I asked my blogger friend Franky’s Dad if he had ever edited items for Wikipedia. Yes, said FD, a few hundred since 2006. He’d even created a piece about a singer, Bob Wilson. I was momentarily aghast until discovering the latter is a singer, guitarist and songwriter from Pleasant Valley California. Franky’s Dad, aka Lyn Nuttall, maintains a music trivia website www.poparchives.com.au, which aims to find out ‘Where Did They get That Song?’

FD reckons editing Wikipedia is one thing but creating a new entry can be hard yacka, what with their exacting standards for formatting and referencing.

The Listener’s technology correspondent Peter Griffin confessed he was a Wikipedia ‘freeloader’ until deciding to attend an edit-a-thon in Wellington. Events like this were attended by 70,000 people worldwide last year. The main idea is to pick a neglected subject and add to the body of work. There is also a push to correct what is seen as a gender imbalance. Griffin was not confident until encouraged by a veteran Wikipedia editor to “get stuck in and break things”.

The key intention is to keep it factual – not easy in the Trumpian world of fake news and flat-out fabrication. Griffin’s group were on safe enough ground, however, collating biographies of female scientists.

“The seasoned editors smiled knowingly as we fumbled along,” Griffin wrote in The Listener’s September 16 print edition.

“But after a full day, we’d created about 20 biographies of women in science and extensively edited 30 more.

“I’d like to think we increased the sum total of the world’s knowledge.”

Even famous racehorses have a Wikipedia entry. Australian racing’s latest super-horse, Winx, has won 22 races in succession, amassing more than $7 million in prizemoney for her owners. A few weeks back she won the country’s premier race (The Cox Plate), for the third time. No such profile for Regal Monarch, a racehorse with just four wins to its name, put down after falling in race four on Melbourne Cup day.

You’d think tragedies like this (remember Dulcify, 1979), would prompt connections to retire Winx to lush green pastures and make another fortune at stud. But there is an ambitious program in 2018 to race the mare again in Australia and against the best in Europe.

There was even talk she might contest the Emirates Stakes in Melbourne this weekend. But trainers know. Chris Waller last week said Winx would go to the spelling paddock. At least someone other than me could see that Humidor’s fast-finishing second in the Cox Plate did her in.

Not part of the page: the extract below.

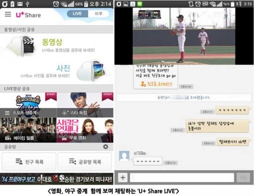 최근에는 클라우드 콘텐츠 서비스 역시 채팅과 결합을 시도하는 것에 주목할 만하다. LG유플러스(LGU+)에서 서비스하고 있는 '유플러스 박스(U+Box)'의 경우, 이용자가 저장한 동영상이나 사진, 혹은 온라인으로 서비스되는 프로야구 중계나 연예계 소식, 영화 등의 동영상을 등록된 친구와 함께 보면서 실시간 채팅을 나누는 '유플러스 쉐어 라이브(U+Share LIVE)' 기능을 제공한다.
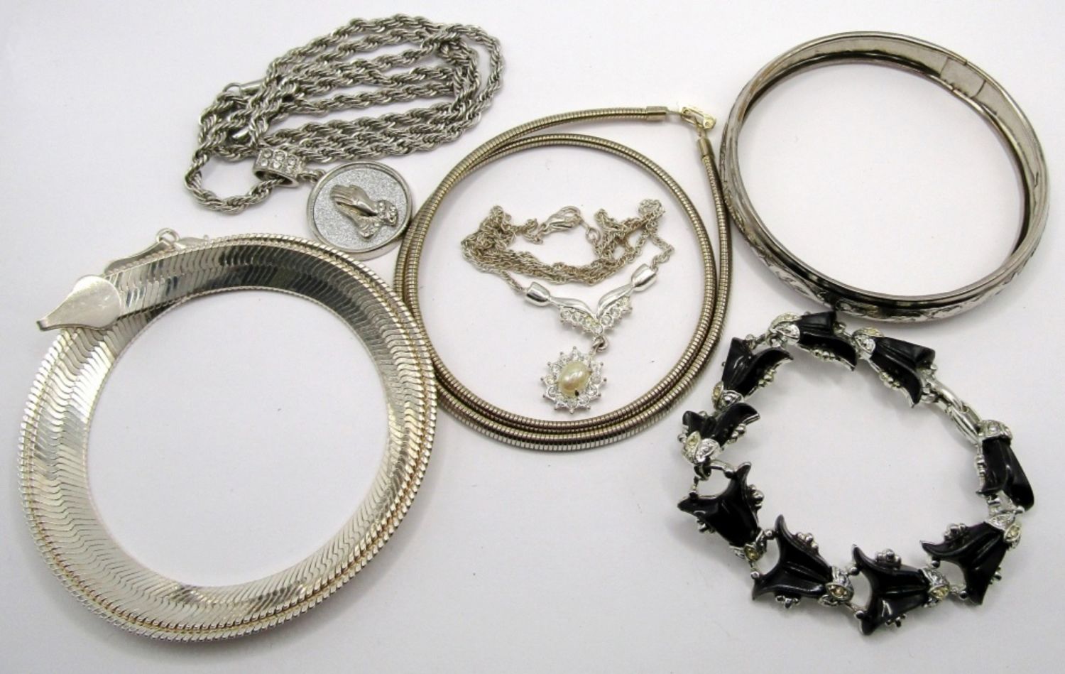Various style necklaces in various lengths (4). One bangle bracelet, one 7 inch clasp bracelet.

As Peter Griffin found at the edit-a-thon, only facts are allowed in Wikipedia, and each fact must be backed by a rigorous reference. So seriously is this edict taken, editors this year banned the UK Daily Mail as a source, citing poor fact checking, sensationalism and fabrication.

Additionally, bots continually crawl the Wikipedia site for signs of vandalism (intentional corruption).

So I guess I’ll keep my opinions about Winx to myself, then.